Hello Traders
This will be example 3, showing how institutions "trap" traders in order to move
markets in the desired direction
Traders should know that computer programs monitor price action and when certain
"behaviors" occur, they trigger automated buying or selling. The markets are reacting to
world news as well as regional economic news. Specifically,
1) The top tier financial institutions believe that President Trump's tariff threats are largely
meaningless (he is bluffing) and wants to obtain leverage by threatening the world with
monetary penalties. Because these tariffs would have a negative effect on his own population
he continues to back down.
2) The US economy continues to be resilient, with reasonably strong spending and big companies
continuing to operate without having to lay off personnel (yet)
3) Economic news has been reflective of a strong economy, however as we know, that can change
As of now the top tier banks are forecasting only "measured effects" from possible tariffs
Our charts confirm (so far) that the markets are forward looking and positive and they do this
by staying above certain "Key References", one of which is the 5DMA (I show my students how
to display this on any time frame). As they see the market test this reference point, they have only
to watch and see what the response is, then they look for a place to get long. I am tempted to say
that it is "simple", but of course it takes more than that to trade it. As mentioned previously, we
look for this scenario to take shape prior to the open of each session. We show traders how to frame
this activity and (finally) we show them the importance of "timing". Automated buys and sells enter
the market as the institutions signal each other by activating buying or selling "spikes". Its not how much
they buy or sell but how quickly the orders are entered, that triggers continuation (trend).

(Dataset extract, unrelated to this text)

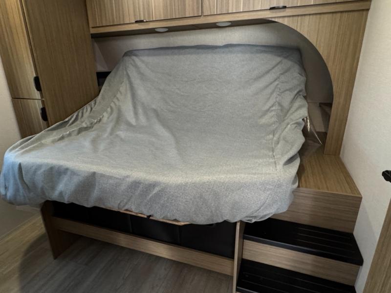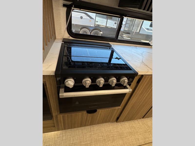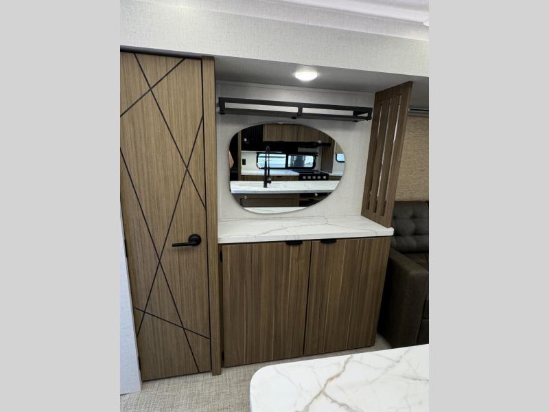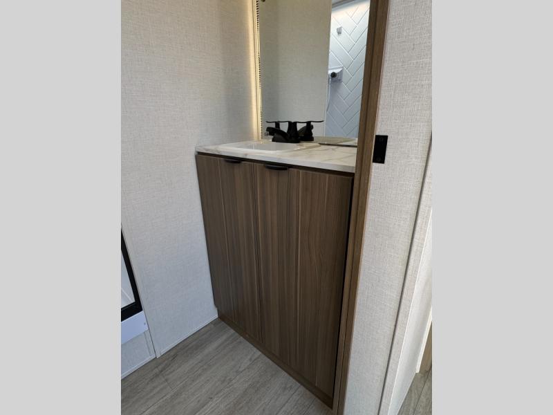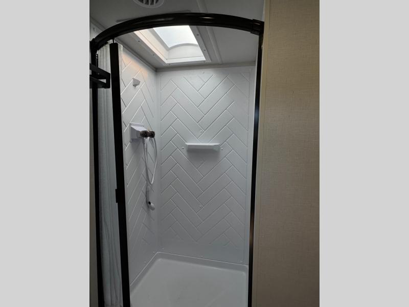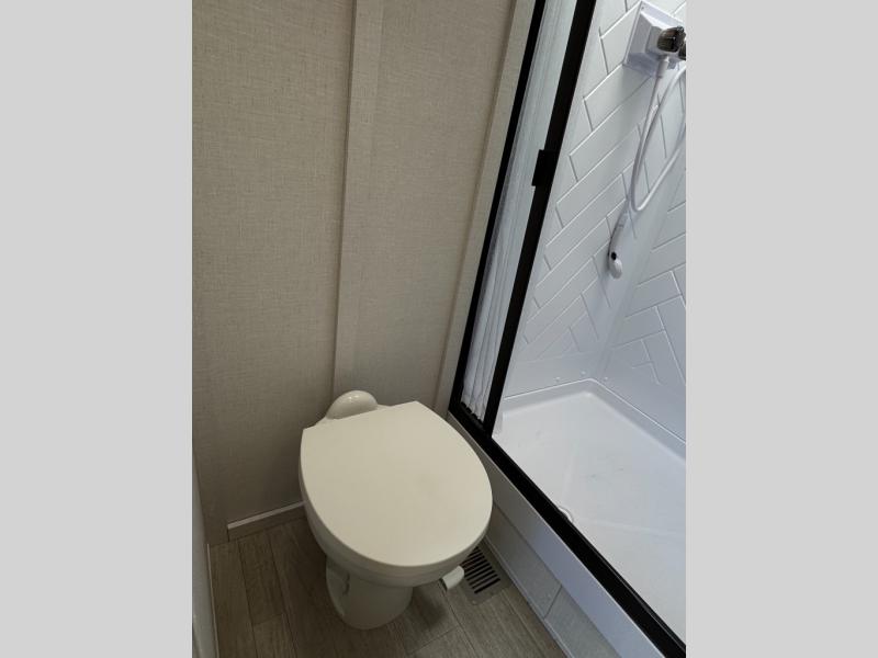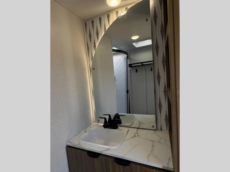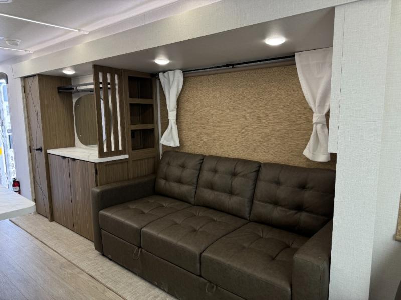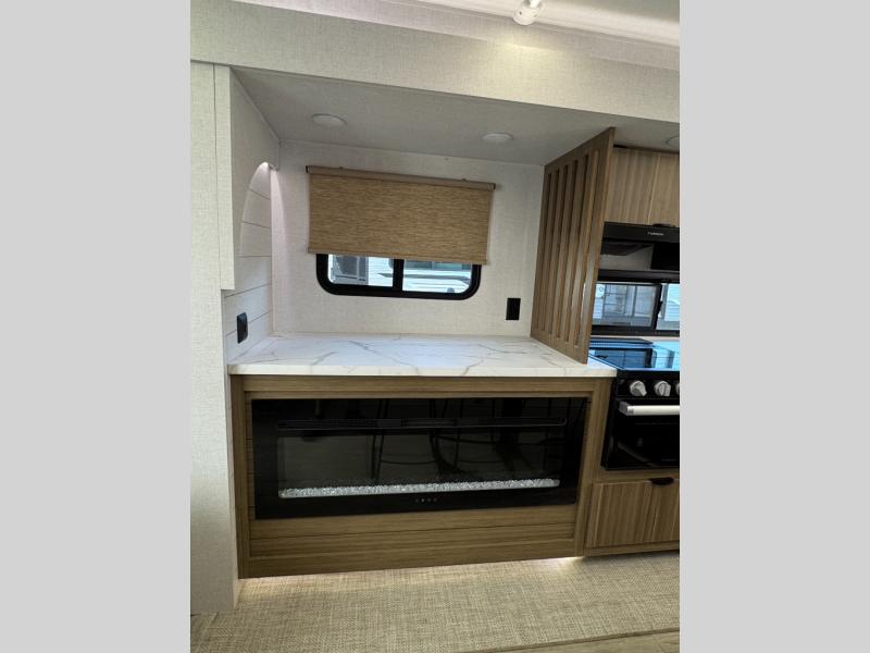 Find your zen int this spacious travel trailer for four! Once you've unloaded your gear, you can head inside to make lunch at the kitchen island with four chairs. An 80" trundle sofa provides additional seating space plus sleeping space for guests. You will love the rear custom recliners that are conveniently located next to the fireplace. The full bath is located towards the front next to the private bedroom so you can easily use the restroom at night, and you're sure to get a great night's rest on the custom king bed with Versa Tilt. This unit also includes washer and dryer prep, giving you the option to add these appliances.

If a human
trader is watching their screen and they see this, it is relatively easy to recognize and jump on board.
Finally and perhaps most importantly, once you see how this works, not only do you know when
to enter, but you also know that you should HOLD your position, because it is likely to trend for at least +10
Why? because institutions need to get at least +10 pts to make it "worth the risk". If you look back at my
posts, you will note that I am almost always holding for at least +10
I understand that scalping is easier psychologically, but the bottom line is that for retail traders, you simply
will not be able to create a sustainable business that way. The important take away is to trade less frequently
to hold trades longer, to be willing to close out trades at breakeven or at a small loss until you hit a +10 winner.